____ Supplied records

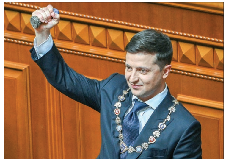
Zelensky used his inaugural speech to announce that he is dissolving parliament.

Zelensky called for the sacking of the head of the state security service, prosecutor-general and defence minister — which has to be approved by parliament.
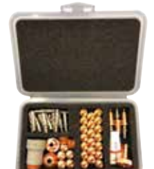
Wear part box for LC105
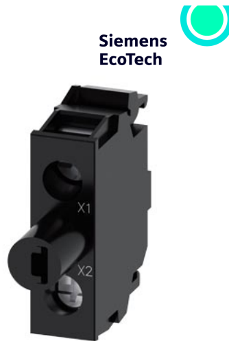
LED module with integrated LED 110 V AC, red, screw terminal, for floor mounting
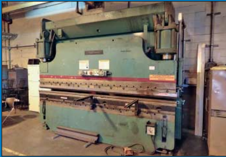
175 Ton X 12' Cincinnati Model 175CBX 10' Hydraulic Press Brake
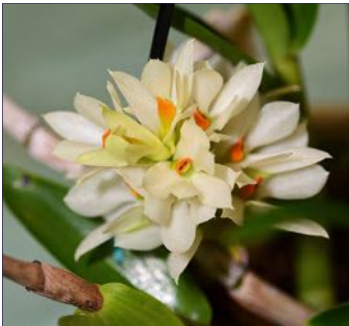
Dendrobium bractescens Cary Polis
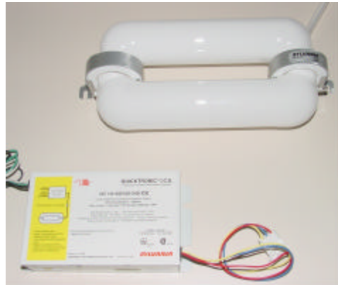
ICETRON® Lamp & Ballast System

*Includes an internally mounted AC axial fan with die-cast aluminum housing, and thermoplastic impeller. Two 1" louvered aluminum vent plugs for maximum heat dissipation.
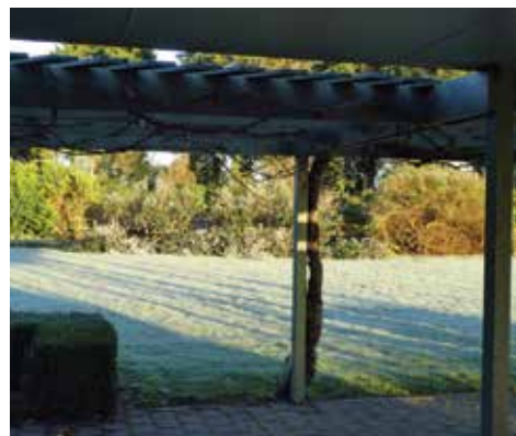
Pruned feijoa and kowhai. First frost. May 2020
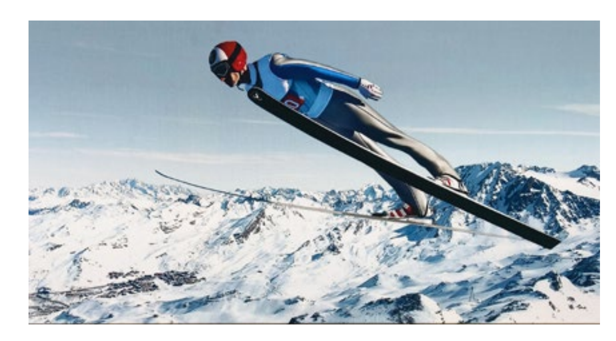
<u>Saut à Ski</u> <u>available in :</u>

- Cushions: 16"x27" - Frame Board: 47"x31" / 35"x24"
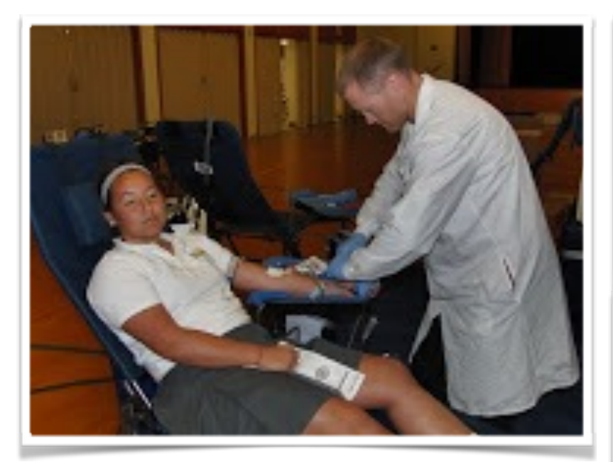
The Notre Dame Academy community donated 28 units at the school blood drive organized by the Hoxworth Blood Center of the University of Cincinnati. Hoxworth says 13 percent of its annual collections come from high schools.
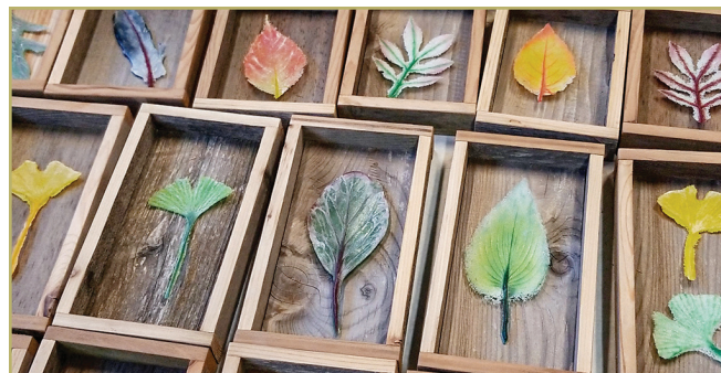
A series of glass leaves by Jen Fuller
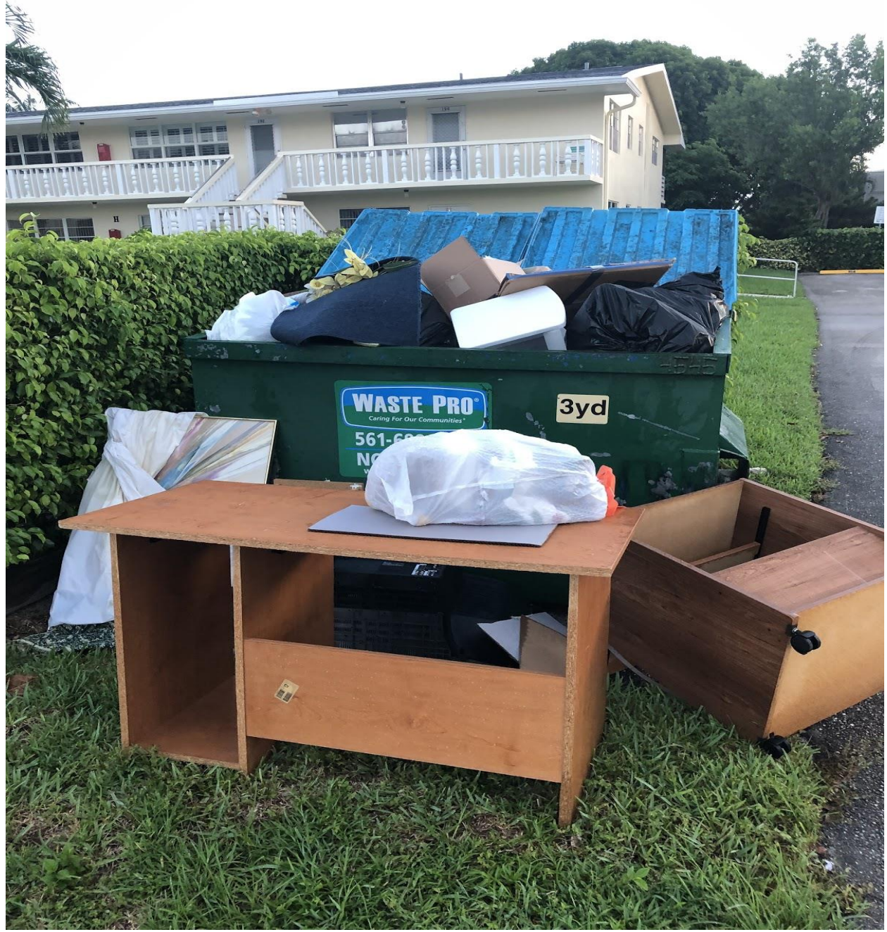
SHEFFIELD SECTION- A PLYMOUTH UNIT WAS EMPTIED OUT INTO A SHEFFIELD DUMPSTER ON SUNDAY, LEAVING NO ROOM FOR RESIDENTS TO PUT THEIR REGULAR TRASH. DISGUSTING. THE PLYMOUTH ASSOCIATION AND THEIR PROPERTY MANAGER WERE NOTIFIED. SPECIAL PICKUP WILL BE ORDERED.
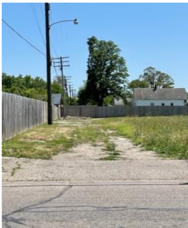
On Buchanan looking south. Note, homeowner has closed off this portion of the alley with a fence.
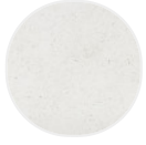
Top - warm white cement
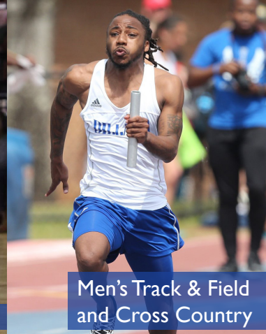
Men's Track & Field and Cross Country
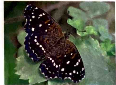
Texan Crescent (Phyciodes texana)

________

Action item —
All that is wanted is the lines above between the one containing "A series of glass leaves by Jen Fuller" and the one containing "Men's Track & Field and Cross Country", inclusive, restated word for word, with pictures omitted.

Exercise output —
A series of glass leaves by Jen Fuller
SHEFFIELD SECTION- A PLYMOUTH UNIT WAS EMPTIED OUT INTO A SHEFFIELD DUMPSTER ON SUNDAY, LEAVING NO ROOM FOR RESIDENTS TO PUT THEIR REGULAR TRASH. DISGUSTING. THE PLYMOUTH ASSOCIATION AND THEIR PROPERTY MANAGER WERE NOTIFIED. SPECIAL PICKUP WILL BE ORDERED.
On Buchanan looking south. Note, homeowner has closed off this portion of the alley with a fence.
Top - warm white cement
Men's Track & Field and Cross Country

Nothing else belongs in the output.